Оля Елисеева поднялась из-за парты, одернула платье.
— Ты неделю не ходила в школу, — сказала Нина Георгиевна. — И вместо справки от врача принесла записку от родителей. Скажи, пожалуйста, как я должна к этому отнестись?
Елисеева пожала круглым плечом.
— Все остаются мыть полы и окна, а тебе нельзя руки мочить в холодной воде. Всем можно, а тебе нельзя.
— У меня хроническое воспаление легких, — сказала Елисеева с оттенком высокомерия. — Меня берегут.
— А знаешь, как воспитывали детей в Спарте? — поинтересовалась Нина Георгиевна.
— Знаю, — ответила Елисеева. — Слабых сбрасывали со скалы в пропасть.
Пример был неудачный. Получалось, что Елисееву тоже не мешало бы спихнуть в пропасть, чтобы не замусоривала человечество. Нина Георгиевна решила привести более современный пример.
— Между прочим, в Америке даже дети миллионеров во время летних каникул работают мойщиками, официантами, сами зарабатывают себе на хлеб. На Западе, между прочим, детей держат в ежовых рукавицах.
— А в Японии детям разрешают все! — обрадованно встрял умный Хонин. И японцы, тем не менее, самый воспитанный народ в мире.
Хонин был не только умный, но и образованный и постоянно обнаруживал свои знания, однако не нравился девчонкам, потому что его лицо было покрыто юношескими вулканическими прыщами.
— Что ты предлагаешь? — спросила Нина Георгиевна.
— Я? — удивился Хонин. — А что я могу предложить?
— Если бы ты был на моем месте, то какой метод воспитания ты бы выбрал?
— Как в цирке. Современная дрессировка.
Все засмеялись, кроме Нины Георгиевны.
— Метод кнута и пряника? — спросила Нина Георгиевна.
— Это устарелый метод, — ответил Хонин. — Современная дрессировка предлагает метод наблюдения.

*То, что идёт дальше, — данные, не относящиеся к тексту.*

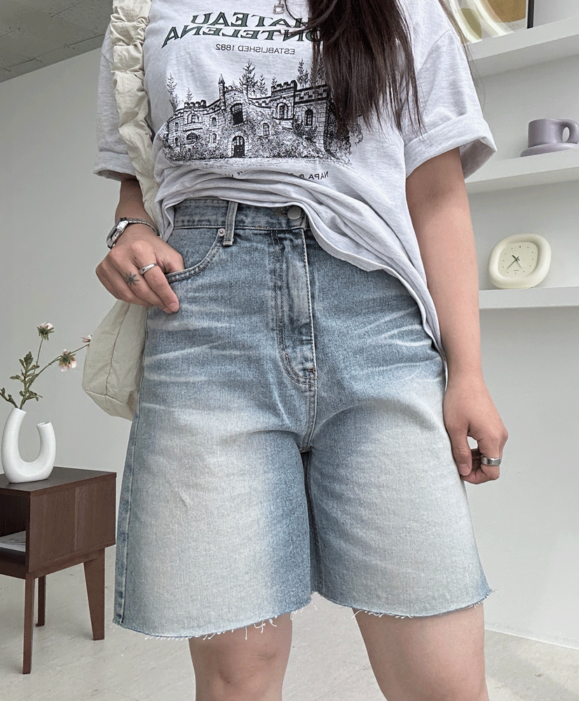 566 워싱 3부 중청 데님 반바지 [S-2XL]
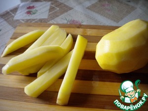 Параллельно приготовлению мяса и овощей занимаемся картошкой. Картошку (два крупных клубня) нарезаем как для фри и жарим на отдельной сковороде до готовности.

За животным долго наблюдают, выявляют то, что ему нравится, а потом развивают и поощряют именно то, что ему нравится. Минимум насилия над личностью.
Нина Георгиевна посмотрела на часы. Наблюдать, выявлять и поощрять было некогда. На Дюкина и Елисееву ушло двадцать минут, а впереди еще тридцать человек, и если тратить по десять минут на каждого, уйдет триста минут, а значит, пять часов. Этих пяти часов у Нины Георгиевны не было. Ей еще надо было забежать в магазин, купить продукты, потом поехать в больницу к своей маме, потом вернуться и взять из детского сада свою маленькую дочку. А вечером проверить тетради и сварить еду на завтра, потому что мама после операции и ей нельзя есть ничего позавчерашнего.
— Ну ладно, — сказала Нина Георгиевна. — Спарта, Япония, Америка, цирк… Чтобы к концу четверти все исправили двойки на тройки, тройки на четвертки, а четверки на пятерки. Иначе мне за вас попадет!
Она собрала тетради и пошла из класса.
Все вскочили со своих мест, стали с грохотом выдвигать из парт свои портфели. А Светлана Кияшко подошла к Дюку и сказала:
— Я в прошлом году дала Ленке Мареевой пластинку, последний диск Аббы, а она мне до сих пор не отдает.
Мареева раньше училась в их классе, а потом перешла в другую школу, с математическим уклоном. Как выяснилось, никакого особенного уклона у Мареевой не оказалось, просто ездить стало дальше. Дюк был убежден: если в человеке должно что-то выявиться, оно и так выявится. А если нет — никакая школа не поможет. Поэтому лучше сидеть на одном месте и ждать.
— Ну и что? — не понял Дюк.
— Давай сходим вместе, — предложила Кияшко. — Может быть, она отдаст?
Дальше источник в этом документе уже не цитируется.